3.1 Reference-dependent evaluation of methods
3.1.1 Tests on weakly similar SCOP domain pairs
We tested our profile-profile HMM on 1207 divergent SCOP domain pairs (Pei and Grishin, 2006) with <20% sequence identity (Table 1, first numbers in columns under ‘SCOP’). The three methods that use extra data (PROMALS, SPEM and HHalign) produce substantially better results than stand-alone methods (MUMMALS, ProbCons, MAFFT, MUSCLE and ClustalW) that align a pair of sequences without using additional homologs or predicted secondary structures. For sequence pairs with identity below 10%, the average Q-score of PROMALS (0.431) is almost three times higher than that of MUMMALS (0.156). For alignments with identity ranges 10–15% and 15–20%, PROMALS also gives substantial accuracy increases over MUMMALS of 0.272 and 0.176, respectively.

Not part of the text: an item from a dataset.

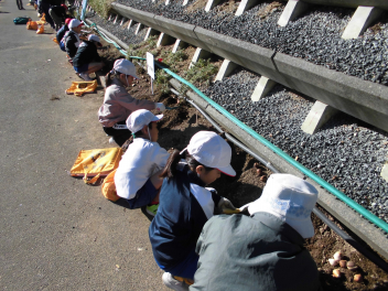 • 3年生が船明運動公園の東側にある花壇にチューリップの球根を植える活動を行いました。毎年、3年生が球根の植え付けを行っています。みんな丁寧に球根を植えていました。3年生のみなさんが植えたチューリップが春に色とりどりの花を咲かせるといいですね。春を楽しみにしていましょう!

PROMALS shows about 3–4% accuracy increases over SPEM and HHalign, suggesting that our profile-profile HMM utilizes homologs and predicted secondary structures in a better way.


View this table:
[in this window]
[in a new window]

 
Table 1. Reference-dependent evaluation of alignment methods

 
We also tested the methods (except HHalign, which is a pairwise alignment program) on data sets of multiple sequences constructed by adding up to 48 homologs to each SCOP domain pair (Table 1, second numbers in columns under ‘SCOP’). With multiple sequences, PROMALS and SPEM both show slight improvement (1–2% for PROMALS and 2–3% for SPEM) over their pairwise profile–profile alignments. PROMALS outperforms SPEM by ~2% on multiple sequences. With added homologs, stand-alone methods all yield better accuracies than pairwise sequence alignments, among which MUMMALS is the best method. PROMALS outperforms MUMMALS by 0.13, 0.1, and 0.05 for data sets with identities <10%, 10–15% and 15–20%, respectively.

3.1.2 Tests on SABmark database
SABmark database (version 1.65) has two multiple alignment benchmark sets. The ‘twilight zone’ set contains 209 tests of SCOP (version 1.65) fold-level domains with very low similarity, and the ‘superfamily’ set contains 425 tests of SCOP superfamily-level domains with low to intermediate similarity. PROMALS achieves the best results among all methods for both sets. Its accuracy is ~6% and 4% higher than SPEM on ‘twilight zone’ set and ‘superfamily’ set, respectively. For the most difficult ‘twilight zone’ set, PROMALS doubles the accuracy of the best stand-alone method (MUMMALS). Nevertheless, only ~40% residues were correctly aligned on average by PROMALS for the ‘twilight zone’ set, suggesting that homology modeling of extremely divergent domains remains a difficult problem with regard to alignment quality.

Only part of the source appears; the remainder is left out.